Surprisingly it’s worked well enough for us, I mean, there’s never been an outage because I’ve been developing this way. The other pretty weird thing is I’ve worked at companies where people have come and asked us like, can you give us your whole service as a Docker container. You’re talking about like a SaaS service. Like can it just give it your service as a Docker container so that we can integration test our services with basically yours. Most of us these days just integrate with a whole bunch of third party services. As we should, because if it’s not a core competency for your startup then you should probably be asserting it at someone else. Right?

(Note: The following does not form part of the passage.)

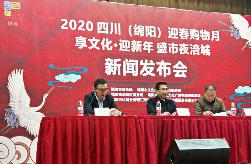 2019年12月6日,由綿陽市商務(wù)局、綿陽市文化廣播電視和旅游局主辦,綿陽市涪城區(qū)商務(wù)局、綿陽市涪城區(qū)文化廣播電視和旅游局協(xié)辦,綿陽萬達(dá)廣場商業(yè)管理有限公司、四川騰邁會展服務(wù)有限公司聯(lián)合承辦的“2020四川(綿陽)迎春購物月暨享文化•迎新年盛市-夜涪城”的新聞發(fā)布會在涪城區(qū)文化中心舉行。
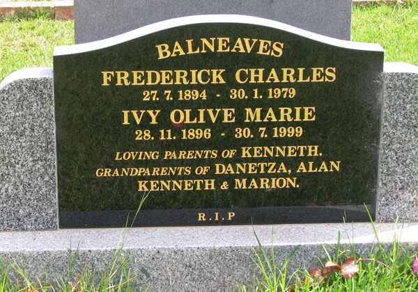 | FRANZ | Lillian Gladys | photo | 26/12/1897 | 7/1/2000 | 102 | Fred (dec) | m/o John, James (dec), Victor (dec), Raymond, (dec) | |

Who’s basic business model and who’s basically the reason they even exist is because they’re providing the service and then it begs the question. How do you even test these services? Right? In my opinion, the way you test is not fast enough to give you an operating container that then you sort of spin up in a test environment. You need to either have better fractions in place that you know, where you can sort of understand your vendors failure modes and sort of program against that. Or you just directly talk to your … directly make like an ecro call to this third party service that we’re talking to. Which, again becomes harder because a lot of services don’t really provide a test mode. Sort of like features or they don’t really allow you to test it like every time you make a call to them you get charged, which it kind of sucks.
That’s again, that’s a user experience thing right? In my opinion not a lot of vendors do this thing where they really think about how someone is gonna be integrating with them or gonna test well. So, yeah, that’s pretty much all I’ve got and a lot of these thoughts are like probably better explained and better articulated in the blog post if anyone really wants to spend 40 minutes reading that. Go read that, I won’t do that, but yeah. Thank you.